Predictive analytics and machine learning appear to be used interchangeably in my experience. What are the distinctions among these three terms?
Machine learning (ML) models can be predictive, prescriptive, or descriptive. ML is a broader term compared to predictive or prescriptive analytics. The distinction between predictive and prescriptive analytics is that prescriptive goes beyond predictive by explaining not only what will happen next but also why it will happen.
Predictive analytics involves estimating the value of an unknown variable based on the values of known independent variables. For instance, it might involve forecasting future traffic using current and historical traffic trends. Prescriptive analytics focuses on determining the best values for one or more decision variables to optimize one or more metrics while adhering to certain constraints. For example, it might involve choosing the quickest route to a destination by considering predicted traffic conditions. Machine learning is concerned with discovering the function or relationship among a set of variables and is frequently applied in predictive analytics, and occasionally in prescriptive analytics.

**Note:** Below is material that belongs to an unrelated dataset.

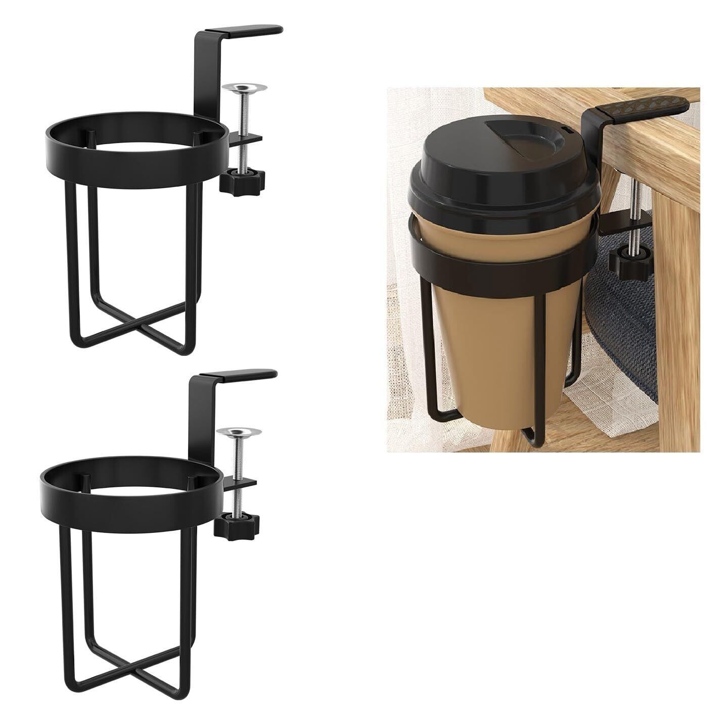 siawadeky ドリンクホルダー 2個セット コップスタンド クランプ式 カップホルダー 穴あけ不要 飲み物ホルダー 多機能 ホルダー 取り付け簡単 スペース節約 テーブル収納 対応直径10cm以内

I’ve encountered the nuances between predictive analytics, machine learning, and data science. Predictive analytics focuses on using historical data to make forecasts about future events, often employing statistical techniques. Machine learning, a subset of artificial intelligence, involves algorithms that learn from data to improve their performance over time without being explicitly programmed. Data science, encompassing both predictive analytics and machine learning, involves a broader scope of data manipulation, analysis, and interpretation to extract insights and inform decisions across various domains.